What does that mean?  When do you cross the border between healthy self-esteem and arrogance?  Can healthy self-esteem be cultivated or is it something you either have or you don’t?

The Torah’s story yields some interesting insights into the notion of self-esteem and I’d like to share a few that occurred to me.

As part of their description of their surroundings, the scouts describe the inhabitants of the land as אנשי מדות anshei midot, which the Jewish Publication Society translates as “men of great size.” 

And then, in a description that’s often quoted and very psychologically telling, ונהי כחגבים בעינינו וכן היינו בעיניהם vanehee be’einenu kechagavim v’chen hayiynu be’einehem.

Again – JPS translation:  We looked like grasshoppers to ourselves and so we must have looked to them.

First insight:  Self-esteem often isn’t rational.  It generally isn’t based on rational analysis and it generally leads us to do non-rational things, like imagine that whatever view we have of ourselves, that’s the view others have.  If we feel small, we imagine others see us that way as well.   Of course we know that over time, the vibe we give off can affect how others perceive us.  But all of this tends to be subjective, often based more on our fear than on anything else.

The second and third insights I would share have to do with what can, ultimately, be the source of appropriate, healthy self-esteem. 

Joshua and Caleb say to the people, אם חפץ בנו ה׳im chafetz banu adonai – if God is pleased with us, He will bring us into the land. 

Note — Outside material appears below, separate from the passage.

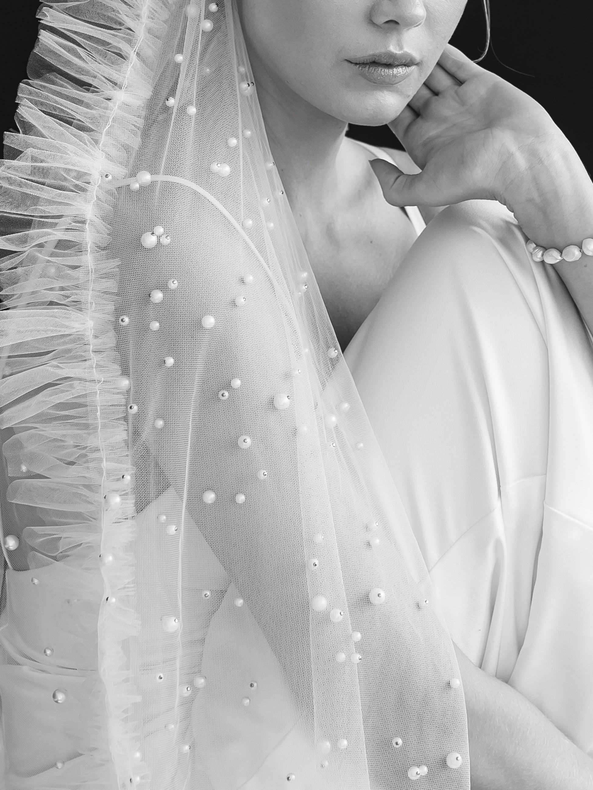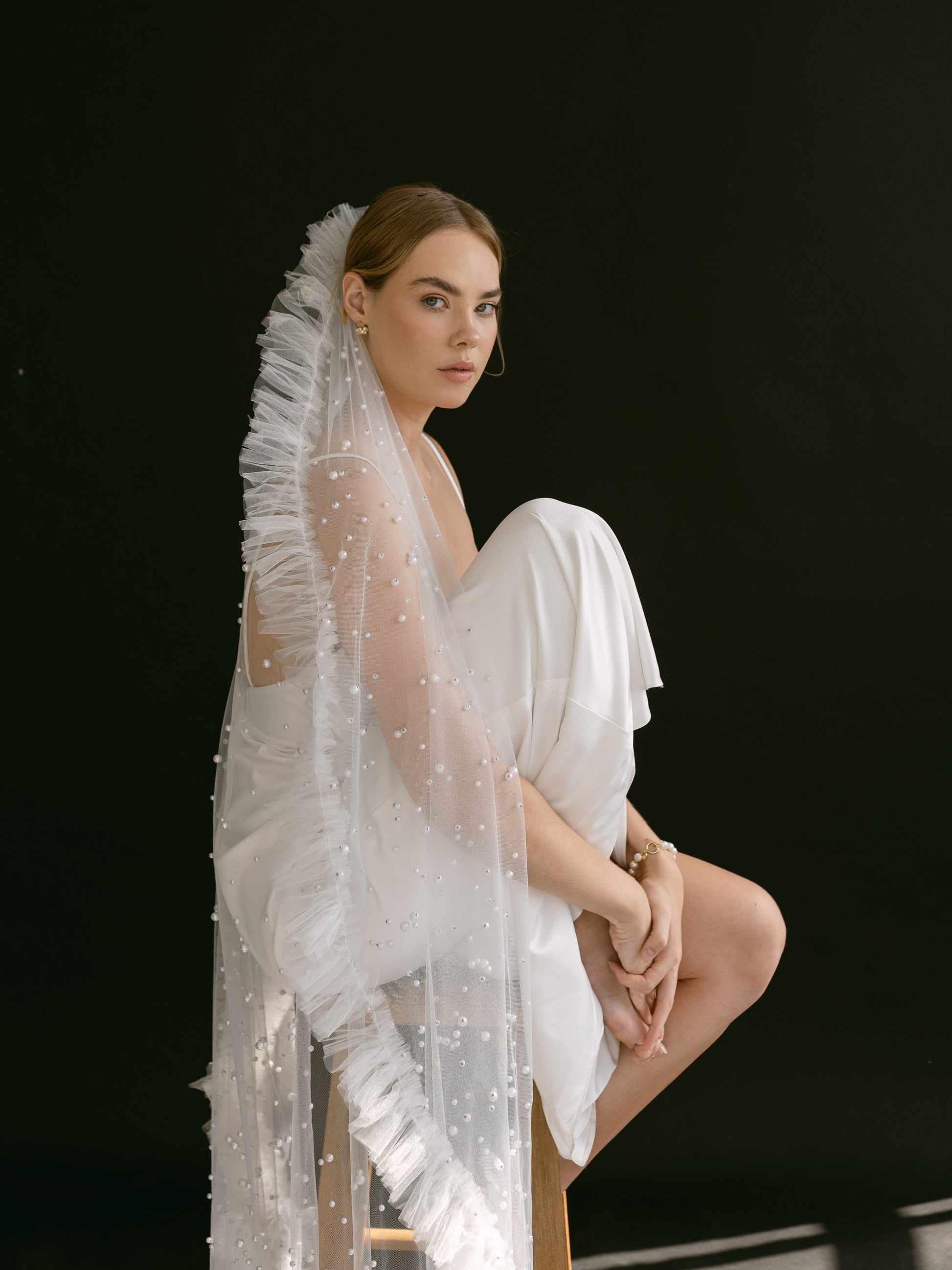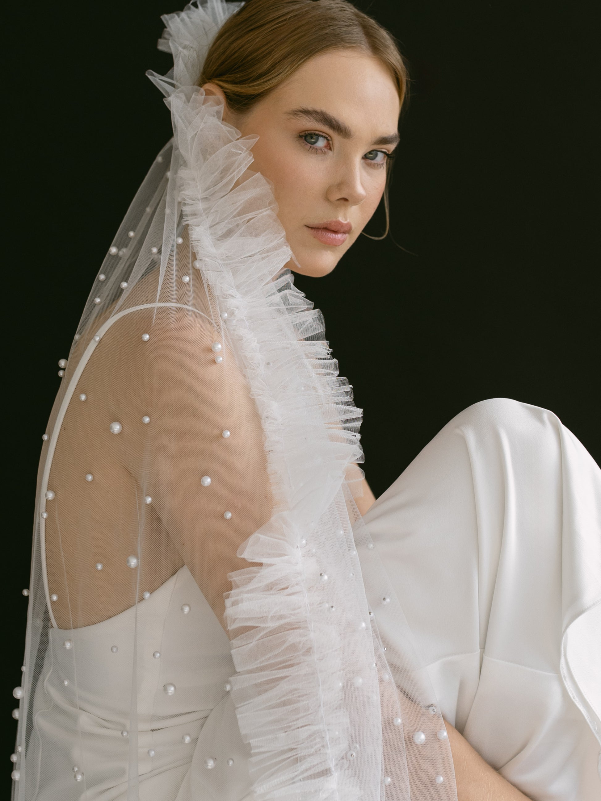 Venus... Adorned with a scattering of pearls on sheer tulle, and finished with delicate trim. This veil enhances any bridal gown, adding a touch of mystique and elegance.

The people should have confidence, they imply, not because of their own gifts or stature but because of God’s support.

Understood in a certain way, we can apply this to ourselves regardless of what we may think about God and how God helps us or doesn’t help us. 

The second insight we can learn about self-esteem, I believe, is that it doesn’t primarily have to be about ourselves.  It can come from a sense that we’re not “in the world” alone, that we’re part of something larger, that we derive strength from a higher power, however we might understand that, and from the people the people around us.

Of course, this can be corrupted.  We can grow to believe that we have God in our back pockets because we’re so righteous, or that our group is superior.  Like anything else, an insight helps most if we are careful in how we internalize it.

To 7th graders walking into the lunchroom and figuring out where to sit, to summer interns working on a project, to a family who moves into a new community, to any one of us waking up in the morning and doing the self-talk – “am I ok?  Will I be able to do what I need to do?”

The Torah as I’m interpreting it can help us to consider that self-esteem is not just about my-self, it’s about the support we give to others and receive from others. 

And now the third insight.  The Israelites were part of a mission to enter the land and to establish a society based on certain principles.

Profound self-esteem, the Torah seems to suggest to us, is not about how tall or smart or affluent or beautiful we are.  It’s about what our goals are, what our mission is.  We can certainly question the mission of our ancestors, we can wonder why they needed to defeat people in order to enter the land, we can identify elements of their mission that we would want to emulate and other elements that we would rather not.

But the potential insight for us, I believe, is enormously useful, and that is, we feel confident and comfortable to the extent that we are doing something valuable in the world.

A few years ago, I spoke about how we sometimes over-value the superficial and I mentioned a blog where a number of people, mostly young men, were writing disparaging remarks about their sense of the physical appearance of Elena Kagan, just after she was nominated to sit on the Supreme Court.

Never mind that she attended Princeton and Oxford, got her law degree at Harvard and served as the Dean of Harvard Law School.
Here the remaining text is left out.